The Government has been weighing the idea of having a regulator in the railway sector to take a call on tariffs. This would involve deciding the cost of providing railway services for passenger and freight trains. The Railways is also in the process of finalising the network access charges for the dedicated freight corridor corporation.
In this context, Business Line caught up with Lord Anthony Berkeley, Chairman, Rail Freight Group, UK, and Member of the House of Lords, during his recent India visit, to understand the structure of privatised rail freight market, and the access charges setting mechanism.
What is the structure of rail freight market in UK?
There is the railway regulator — Office of Rail Regulation (ORR). Then there is Network Rail, which manages the railway network and is supposed to that it runs efficiently.
The freight market in the UK is not subsidised. We have five different train freight operators. There is a contract between network rail and train operator, which defines the access charges that the operator will pay, and another contract between the train operator and the leasing companies.
For the freight customers, there is another contract between train operators and customers. The train operator has rights to run a train on the network — between point A and point B within a certain time. An operator has to run services on the track on maintain those rights.
The cost to the operating company include cost of access, locomotive, terminal access charges, fuel, hire charges of wagon and staff.
How are the rail network access charges, which companies pay to network rail, fixed?
In the UK, Network Rail fixes the charges for freight operating companies to access the network at marginal cost, but the actual level of charges and all other elements of charges are set by the regulator (ORR), which bases its calculation by defining marginal cost of building and/or maintaining the lines. This applies to all the mixed traffic lines on the railway.
For freight only lines, freight operators pay the whole cost of maintaining these lines, but since they are only for freight, the cost is not high.
And we have had big arguments on the marginal cost. About five years ago, Network Rail said they spent £100 million to maintain the (freight) line. We contested that as we had not seen them maintain those lines and the amount dropped to £10 million. Five years ago, the regulator reduced the freight charges by 20 per cent. We are having the exercise again.
In the UK, ORR is required ensure Network Rail operates efficiently. The regulator said that network rail should reduce the cost of operations by 50 per cent spread over 10 years — that finishes next year. They have to do that without reducing the quality of network.
The cost is then separated to wagon type, axle weight, wagon suspension and speed. So, each wagon has a charge factor, for empty or loaded.
What is the impact of competition in the rail freight market in the UK?
The cost of transportation has gone down. One of our railways was taken over by DB Schenker (German Railways). Initially it had most of the coal contracts and lost most of them. That was because other train freight operators came in with much cheaper services for the customers.

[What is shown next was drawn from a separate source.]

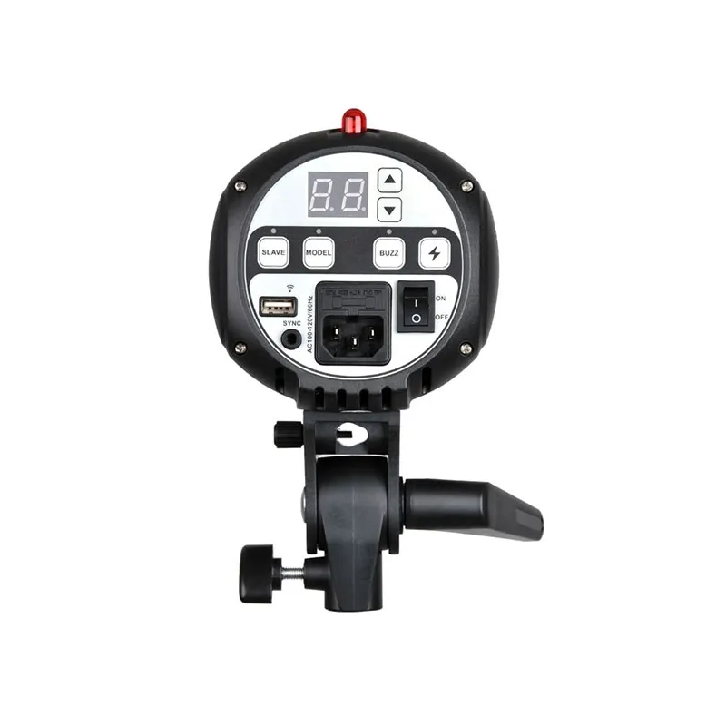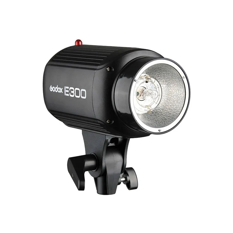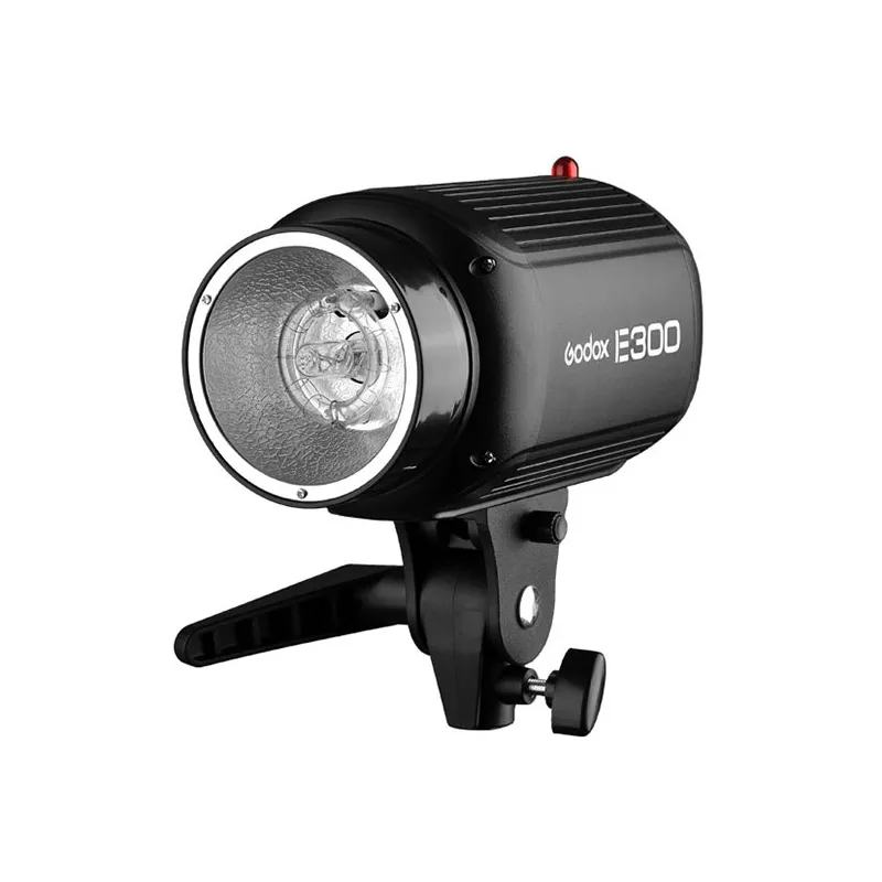 The Godox E300 flash head is adjustable in brightness in 20 steps and has a bright LED display to read the set value. To illuminate the scene and set up your camera easily, the flash head is equipped with a 150 Watt modelling lamp. The brightness of the modelling lamp can be adjusted in nine steps. The complete flash set is easy to transport in the supplied case with wheels.

Competition does twist the market in many ways. Now, we have five companies — two came from British Rail and three were new.
The annual turnover per employee for the three entrant private companies is 38 per cent more than the turnover per employee in the two British Rail companies. This is what competition does — the new companies found ways to improve asset utilisation.

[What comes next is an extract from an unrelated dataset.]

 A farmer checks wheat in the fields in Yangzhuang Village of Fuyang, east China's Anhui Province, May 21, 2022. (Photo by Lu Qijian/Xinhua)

What are the key commodities that are transported on rail in the UK and Europe, and also the projected growth trends?
Broadly, there are two commodity groups — bulk and inter-modal. In the UK, bulk includes coal, biomass, building material, steel raw material and steel products. They have grown significantly in the last 15 years, particularly coal.

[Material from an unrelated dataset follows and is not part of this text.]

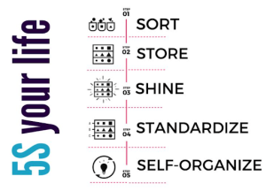 And the first step of Lean in order to achieve the goal of reducing these 8 wastes is 5S.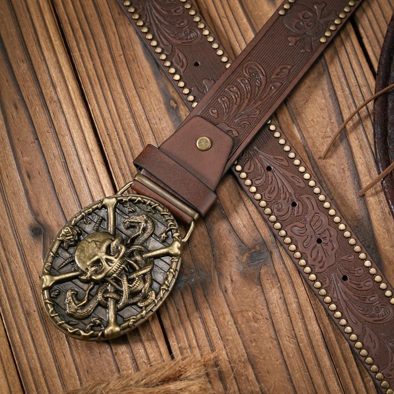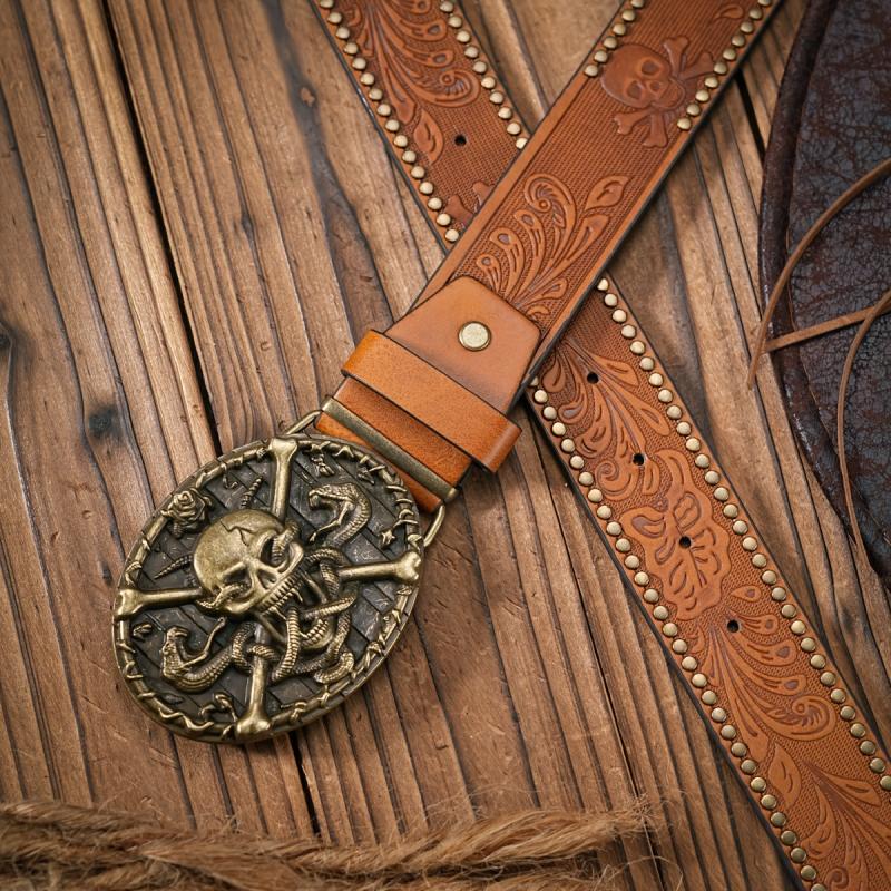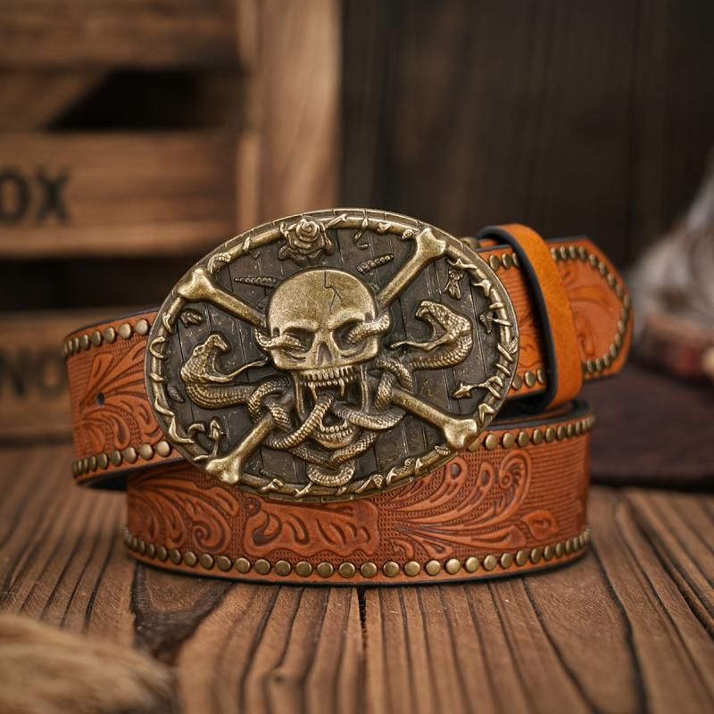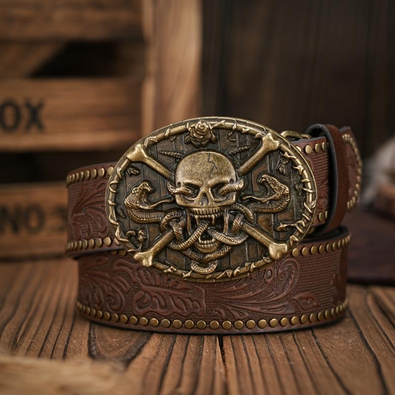 Add a touch of bold western flair to your outfit with this vintage brown PU belt featuring a skull embossed metal buckle.

Building material such as sand, cement and aggregates are the other group of commodities. On a long term basis, they will not grow very much because people ultimately will not use a lot of bricks.
In Europe, it is much the same, except there are additional users — chemical industry and steel industry are large users. They use rail not just in moving cargo around Europe but also within their plants.
In the steel industry, the problem is that customers are tied to one train operator, which owns a certain kind of wagons. Steel customers there want to change operators, but it is not possible unless they buy new wagons, which is very expensive. The French Railways have lost 50 per cent of their rail freight traffic in the last 10 years.
In the chemical industry, wagons are generally leased. So, customers have it relatively easy because they can change operators.
The inter-modal segment — which is containerised segment — is growing in the UK and Europe. Our forecast is that the inter-modal section will at least double or, may be, treble over the next 20 years. This will be the trend over Europe.
However, the inter-modal customer wants more reliability. The customer wants deliveries on time.